What you’ll learn
- Funny ads: why humor sells and how to do it right
- Why humor works in advertising
- The types of humor in ads
- 18 funny ad examples and the lesson each one teaches
- How to use humor in your own ads
- Humor by channel: social, video, and OOH
Funny ads: why humor sells and how to do it right
Funny ads use humor — a joke, an absurd premise, a witty line — to grab attention, earn a laugh, and make a brand stick. The best funny advertisements never make the joke the point: comedy is the wrapper around a real product truth, so people remember both the gag and who told it.
Below you will find the psychology of why humor in advertising works, the main types of humor (with a comparison table), 18 funny ad examples and the lesson each one teaches, a channel-by-channel playbook, the real risks of funny commercials, and a step-by-step way to write your own. Whether you are studying funny small ads for inspiration or building your next campaign, this guide covers it.
Why humor works in advertising
Laughter is a shortcut to attention, memory, and liking — the three things every ad fights for.

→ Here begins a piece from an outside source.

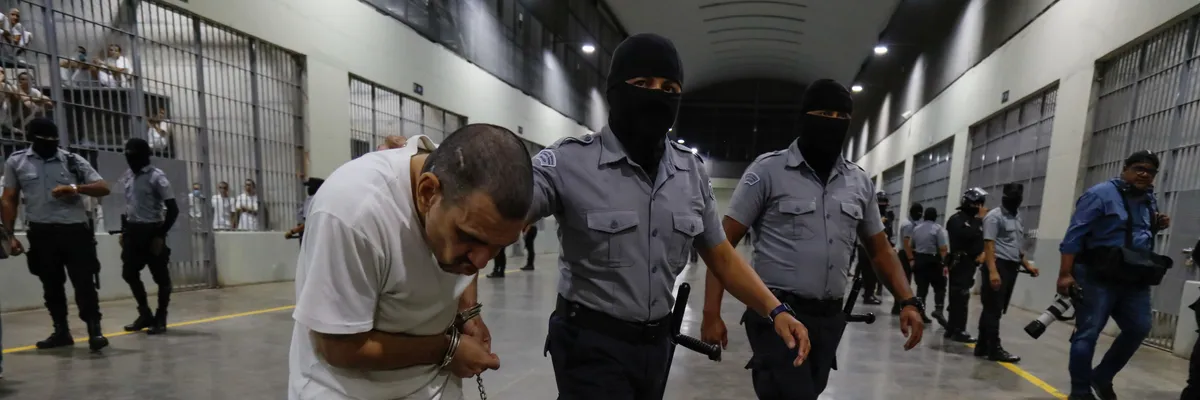 A man is escorted by a CECOT guard on February 6, 2024 in San Vicente, El Salvador.

When a funny ad lands, the brain rewards the audience with a hit of positive feeling, and that feeling gets tied to the brand. Humor lowers people's guard against being sold to, which is exactly why funny commercials outperform earnest ones at getting remembered.
There is hard evidence behind the laughs. Humor drives four outcomes advertisers care about most:
Break it down and humor delivers on four jobs at once:
- Attention. A surprising or absurd opening interrupts the scroll. Humor relies on the unexpected, and the unexpected is what stops a thumb.
- Memorability. Emotion encodes memory. A laugh tags the ad as worth keeping, so the message survives long after the viewing.
- Likability. A brand that makes you laugh feels human and confident. Likability is a strong predictor of preference in low-involvement categories.
- Shareability. People share what makes them feel something. A funny ad turns viewers into a free distribution channel, multiplying paid reach with earned reach.
The catch — and the thing every great campaign gets right — is brand linkage. Humor only pays off when the joke is fused to the product or positioning. Get a laugh but lose the brand, and you have entertained the audience for a competitor.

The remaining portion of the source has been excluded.